根据上面提到的论文，batch hard获得了最佳表现：

此外，所选的三元组可以被认为是适合的三元组，因为它们在数据的一小部分中是最困难的，这正是最适合学习三元组损失的方法。

然而，这实际上取决于你的数据集，应该通过比较开发的数据集的表现来决定。

一种简单的三元组损失的实现

在stackoverflow的回答中，我简单地实现了离线三元组挖掘的三元组损失：

anchor_output = ...    # shape [None, 128]
positive_output = ...  # shape [None, 128]
negative_output = ...  # shape [None, 128]

d_pos = tf.reduce_sum(tf.square(anchor_output - positive_output), 1)
d_neg = tf.reduce_sum(tf.square(anchor_output - negative_output), 1)

loss = tf.maximum(0.0, margin + d_pos - d_neg)
loss = tf.reduce_mean(loss)

该网络将被复制三次（用共享权重）来产生$B$个anchor，$B$个正样本，$B$个负样本的嵌入。然后我们只需计算这些嵌入的三元组损失。

这是一个简单的实现，但也是一个非常低效的实现，因为它使用的是离线的三元组挖掘。

一个更好的在线三元组挖掘的实现

所有相关的代码都可以在github上的model/triplet_loss.py有提供。

TensorFlow本身有一种半困难的在线挖掘三元组损失的实现，tf.contrib.losses.metric_learning.triplet_semihard_loss。在这里，我们不会遵循这个实现，并从头开始。

计算距离矩阵

因为最后的三元组损失取决于$d(a,p)$和$d(a,n)$，我们首先需要有效地计算成对的距离矩阵。我们在_pairwise_distances实现了欧式范数与欧式范数的平方。

def _pairwise_distances(embeddings, squared=False):
    """Compute the 2D matrix of distances between all the embeddings.

    Args:
        embeddings: tensor of shape (batch_size, embed_dim)
        squared: Boolean. If true, output is the pairwise squared euclidean distance matrix.
                 If false, output is the pairwise euclidean distance matrix.

    Returns:
        pairwise_distances: tensor of shape (batch_size, batch_size)
    """
    # Get the dot product between all embeddings
    # shape (batch_size, batch_size)
    dot_product = tf.matmul(embeddings, tf.transpose(embeddings))

    # Get squared L2 norm for each embedding. We can just take the diagonal of `dot_product`.
    # This also provides more numerical stability (the diagonal of the result will be exactly 0).
    # shape (batch_size,)
    square_norm = tf.diag_part(dot_product)

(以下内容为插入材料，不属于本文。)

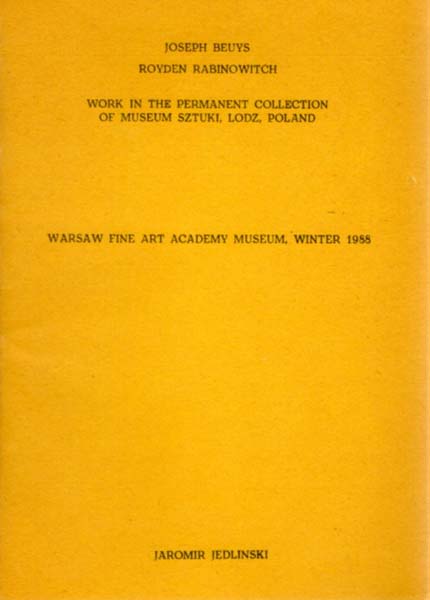 (Beuys, Joseph) – Jaromir Jedlinski (Herausgeber): Joseph Beuys. Royden Rabinowitsch. Work in the permanent collection of Museum Sztuki, Lodz, Poland. Warsaw Fine Art Academy Museum, Winter 1988. Prace z kolekcji muzeum Sztuki w Lodzi. Muzeum Akademii sztuk pieknych. Warszawa, zima 1988. Erste Auflage. Warschau. Muzeum Akademii. 1988 23,8 x 17 cm. [8] Blatt. Klammergehefteter OKarton. Einband und innen papierbedingt etwas nachgedunkelt. Sonst gutes Exemplar. Durchgehend mit schwarz-weißen Abbildungen versehen. Texte in englischer und polnischer Sprache.

    # Compute the pairwise distance matrix as we have:
    # ||a - b||^2 = ||a||^2  - 2 <a, b> + ||b||^2
    # shape (batch_size, batch_size)
    distances = tf.expand_dims(square_norm, 0) - 2.0 * dot_product + tf.expand_dims(square_norm, 1)

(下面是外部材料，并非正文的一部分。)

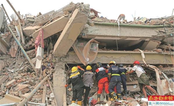 3月30日,救援人员在缅甸曼德勒天空别墅开展救援行动。

    # Because of computation errors, some distances might be negative so we put everything >= 0.0
    distances = tf.maximum(distances, 0.0)

    if not squared:
        # Because the gradient of sqrt is infinite when distances == 0.0 (ex: on the diagonal)
        # we need to add a small epsilon where distances == 0.0
        mask = tf.to_float(tf.equal(distances, 0.0))
        distances = distances + mask * 1e-16

        distances = tf.sqrt(distances)

        # Correct the epsilon added: set the distances on the mask to be exactly 0.0
        distances = distances * (1.0 - mask)

    return distances

为了更详细地解释代码，我们计算嵌入的点积，维数为$(B,B)$。每个嵌入的欧式范数平方实际上就是在这个点积的对角线上，所以我们用tf.diag_part把它提取出来。最后我们用公式来计算距离：

$\Vert a - b \Vert ^2 = \Vert a \Vert^2 - 2 \langle a, b \rangle + \Vert b \Vert ^2$

一个棘手的问题是如果squared=False，我们取距离矩阵的平方根。首先，我们要确保距离矩阵总是正的。有些值可能是负的，因为计算中的小误差。我们只需要确保每个负值都被设置为0.0。

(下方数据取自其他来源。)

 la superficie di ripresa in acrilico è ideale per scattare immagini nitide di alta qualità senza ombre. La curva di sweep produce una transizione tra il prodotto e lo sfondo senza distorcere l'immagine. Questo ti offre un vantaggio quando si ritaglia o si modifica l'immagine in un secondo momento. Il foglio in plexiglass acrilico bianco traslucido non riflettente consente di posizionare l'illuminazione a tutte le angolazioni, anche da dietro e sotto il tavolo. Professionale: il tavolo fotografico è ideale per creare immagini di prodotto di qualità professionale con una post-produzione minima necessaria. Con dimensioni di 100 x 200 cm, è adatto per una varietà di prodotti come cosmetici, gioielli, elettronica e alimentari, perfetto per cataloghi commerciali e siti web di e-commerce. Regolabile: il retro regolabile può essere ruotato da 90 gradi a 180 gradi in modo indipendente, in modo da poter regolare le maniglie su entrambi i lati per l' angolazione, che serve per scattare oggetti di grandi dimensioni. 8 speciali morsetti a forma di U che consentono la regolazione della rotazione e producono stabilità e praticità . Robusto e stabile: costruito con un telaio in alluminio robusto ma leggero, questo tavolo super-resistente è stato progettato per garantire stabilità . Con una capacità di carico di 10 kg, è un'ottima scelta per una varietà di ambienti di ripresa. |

第二件要注意的事情是如果任何元素都是0.0的话（例如对角线应该都是0.0）。因为$0$的平方根导数是无限的，我们将得到的梯度为nan。为了处理这种情况，我们把等于0.0的值替换为一个比较小的值epsilon=1e-16。然后我们计算平方根，替换$\sqrt{\epsilon}$为0.0的值。

batch all 策略

在这个策略中，我们想要计算几乎所有三元组的三元组损失。在TensorFlow的计算图中，我们构造了3维的Tensor，维数为$(B,B,B)$，其中索引$(i,j,k)$，包含着它们的三元组损失。

然后我们得到一个有效三元组的3维mask_get_triplet_mask。这里mask[i,j,k]能正确识别$(i,j,k)$是一个有效的三元组。

最后，我们把无效的三元组的损失设置为0，并且计算有效的三元组损失的平均值。

这一切都是在batch_all_triplet_loss函数中实现的。

def batch_all_triplet_loss(labels, embeddings, margin, squared=False):
    """Build the triplet loss over a batch of embeddings.

    We generate all the valid triplets and average the loss over the positive ones.

    Args:
        labels: labels of the batch, of size (batch_size,)
        embeddings: tensor of shape (batch_size, embed_dim)
        margin: margin for triplet loss
        squared: Boolean. If true, output is the pairwise squared euclidean distance matrix.
                 If false, output is the pairwise euclidean distance matrix.

    Returns:
        triplet_loss: scalar tensor containing the triplet loss
    """
    # Get the pairwise distance matrix
    pairwise_dist = _pairwise_distances(embeddings, squared=squared)

    anchor_positive_dist = tf.expand_dims(pairwise_dist, 2)
    anchor_negative_dist = tf.expand_dims(pairwise_dist, 1)

    # Compute a 3D tensor of size (batch_size, batch_size, batch_size)
    # triplet_loss[i, j, k] will contain the triplet loss of anchor=i, positive=j, negative=k
    # Uses broadcasting where the 1st argument has shape (batch_size, batch_size, 1)
    # and the 2nd (batch_size, 1, batch_size)
    triplet_loss = anchor_positive_dist - anchor_negative_dist + margin

    # Put to zero the invalid triplets
    # (where label(a) != label(p) or label(n)  == label(a) or a == p)
    mask = _get_triplet_mask(labels)
    mask = tf.to_float(mask)
    triplet_loss = tf.multiply(mask, triplet_loss)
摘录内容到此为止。